Recordó, como ejemplo, trabajos de otro argentino, Lisandro Rodríguez, que incluso logró cuestionar la entidad jurídica de la autoría. “Es imposible no pensar la autoría real de una obra en relación al público. Nadie puede negar que a la obra, por su naturaleza, también la escribe el público. A veces, a algunos alumnos con los que hablo sobre esto les pregunto. Si vamos a ver un concierto de [Johann Sebastian] Bach, ¿quién es el autor? Rápidamente vamos a contestar Bach, porque es una respuesta jurídica. Pero cada vez me interesa más pensarlo como una cocreación, de manera que el público también crea esa música, junto al intérprete”. Plantea que este pensamiento disuelve no sólo el concepto de autoría autónoma, sino también el de la propiedad privada.
Al trabajar desde ese lugar, el director asume la defensa de una posición política que tiene que ver con pensarse en comunidad, sobre la base de que las cosas se van formulando en una construcción común o son manipuladas. Por eso, a la hora de dirigir, intenta apostar por la obra más abierta posible para que “aloje el lugar del otro”. Y en ese sentido, cree que en Buenos Aires a veces se practica un teatro que cuenta con un histrionismo maravilloso, pero que se vuelve un tanto “patotero, porque impone teatro. Esa imposición crea una superficie bastante impenetrable, y prefiero pensar en una superficie más débil, ahuecada, que aloje a ese otro que viene a ver lo que uno hace; y así terminar gestando una suerte de cooperación”.

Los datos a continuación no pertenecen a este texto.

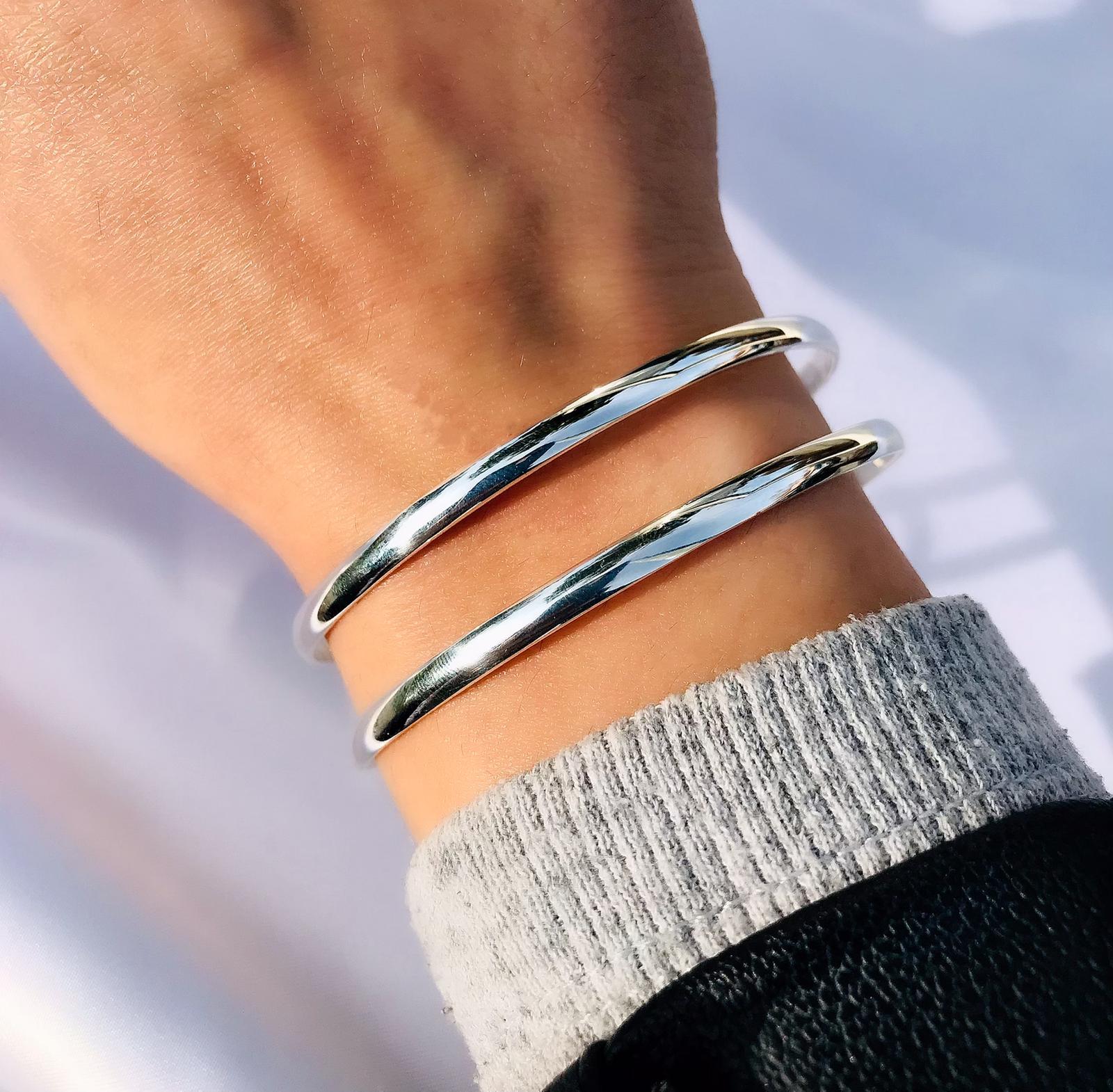 Düz gümüş bilezikler, minimalizm arayanlar için mükemmel bir seçimdir. Basit tasarımları ile her tür kıyafetle kolaylıkla kombinlenebilirler. Genellikle:

Buena parte de la crítica puso A mamá y Mi hijo... en el casillero “familias disfuncionales”. Cacace dice que esa definición lo deja en un estado “de mucha sensibilidad”, sobre todo cuando se aplican etiquetas como la de la familia disfuncional o lo brechtiano sólo porque los actores miran al público y comparten sus parlamentos, y así se crean cruces engorrosos. “Creo que si necesitás ubicar en categorías aquello que ves, como crítico no estás teniendo un movimiento natural, porque tal vez esto no se inscriba en ninguna de esas categorías, y tal vez eso sea lo más interesante. La familia disfuncional, además, en términos precisos, no sería lo que ocurre en Mi hijo...; esta es una familia que puede cosas. En un momento cuidé muchísimo la puesta en escena para que no llegara a transformarse en un mensaje de amor y paz, sino en algo que está atravesado por el dolor”. Y así, la vía de acceso a la pieza se da desde un mecanismo de sensibilidad.